Church boy by day and audio-obsessee by night, Daniel S Lesmana’s life revolves around the rhythms and melodies we lovingly call: Music. When he’s not behind a console mixing monitor feeds for 15-piece bands, engineering recording sessions in a studio environment, or making noise behind a drum set, he’s most likely sitting in front of his laptop typing away about audio gear with fervor and glee. The Indonesia-native has made a name for himself in Singapore, where he’s known to most store employees as “the guy who tries everything, and buys nothing.” Now, with three years of experience under his belt, specializing in custom IEMs and full-sized headphones, he’s determined to try everything for the sake of his audience.


  1. MartinJoura on

    Hi All im rookie here. Good article! Thx! Thx!

  2. Surya Pratama Wijaya on

    Hi deezel, thanks for replying.

    How would the n8t and sound writer compare to the A18 tzar. I was looking top midrange and treble performance, clean speration and layering and also slightly boosted but accurate bass. I listen to pop, edm and acoustic covers both male and female vocals mostly. An i am looking for a custom.

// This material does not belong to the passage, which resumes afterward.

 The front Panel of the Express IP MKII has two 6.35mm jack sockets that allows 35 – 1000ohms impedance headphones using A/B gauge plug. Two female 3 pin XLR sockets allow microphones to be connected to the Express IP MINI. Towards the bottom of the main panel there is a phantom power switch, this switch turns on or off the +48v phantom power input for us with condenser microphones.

    Recommendations deeply appreciated.

    Btw how is the ergonomics and pliability of the wires of saladin and 1950s say compared to the latest from effect audio and plussound.

    Best Regards,

    • Deezel on

      Hi Surya,

      The entire Soundwriter write-up is a comparison against the U18t; unfortunately I can’t get any more specific without an extended listen between the two. The N8t is a much warmer, richer and bodied IEM than the U18t. The U18t is cleaner and clearer, while the N8t has a bold, voluminous bass, a butter-y midrange and a more controlled treble. It looks like what you’re looking for is an emphasis on technical performance, with moderate body from the bass, so for your preferences, I’d recommend the Soundwriter.

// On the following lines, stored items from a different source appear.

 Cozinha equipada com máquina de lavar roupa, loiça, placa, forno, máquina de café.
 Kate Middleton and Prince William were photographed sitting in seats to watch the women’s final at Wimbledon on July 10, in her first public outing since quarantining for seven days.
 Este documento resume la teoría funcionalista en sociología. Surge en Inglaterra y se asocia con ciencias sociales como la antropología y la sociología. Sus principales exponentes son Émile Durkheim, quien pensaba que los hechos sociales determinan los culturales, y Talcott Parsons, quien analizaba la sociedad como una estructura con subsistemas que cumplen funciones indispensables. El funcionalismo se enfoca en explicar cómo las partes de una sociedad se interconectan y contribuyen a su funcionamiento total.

      All of PWAudio’s are as pliant and ergonomic as Effect Audio and PlusSound’s offerings. The only aspect in which they differ is in the feel or touch of the insulation; EA and PS’s insulations are softer to the touch. But, in usability alone, they’re pretty equal. The 1950s’ insulation was still pre-production, so I can’t comment.

  3. Surya on

    Hi deezel,
    Thanks for you excellent coverage of canjam SG. Could you rate your top three fav iems and top three fav cables. Just to sum up your overall expwriences during Can jam.


    Best Regards,

    • Deezel on

      Hi Surya,

      Thanks so much for your kind words! My top three IEMs there in terms of overall performance and personal preference were the N8t, the Soundwriter and the Vision Ears Erlkonig. But, the three most surprisingly impressive (especially in terms of value-for-money) were the AAW A3H, the Jomo Type X and a tie between the FIBAE ME and Model X.

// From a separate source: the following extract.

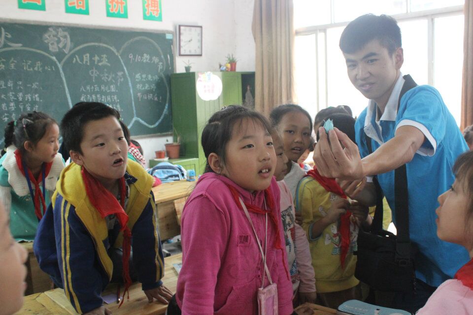青杠林小学校长首先代表全校师生对“星火”义协志愿者服务团队的到来表示欢迎并肯定了志愿者服务团的工作,校长表示志愿者服务基地的建设对弥补青杠林小学教育资源不足,提升教育教学质量具有良好促进作用。徐阔老师则代表“星火”义协表达了对青杠林小学信任志愿者服务团的感谢,同时指出基地的建设将不仅能促进财金”星火“义协的发展壮大,也能鼓励更多热心公益事业的同学参与其中。在志愿服务工作中,志愿者们怀着饱满的热情,走上青杠林小学的讲台,用青春洋溢的笑容感染着每一位小朋友,而孩子们聚精会神,踊跃发言,显露出对于知识的渴望。快乐而充实的时光是短暂的,小朋友们在离别时紧紧握住志愿者的手,这份感谢便是对志愿者服务精神最大的褒奖。

      Cable-wise, my top three were the Saladin+, the Janus D and the 1950s. I love the Saladin+ for its warm, bodied and natural tone, mated with great imaging and stage stability. The Janus D isn’t as warm as the Saladin+ in tone, but it does have a natural timbre balanced skilfully with strong technical performance and finesse in its note release. The 1950s is absolutely a cost-no-object item, but its open stage, colourless tone and bass performance have made it an almost must-have for me. I’ve honestly never heard the Phantom sound as good.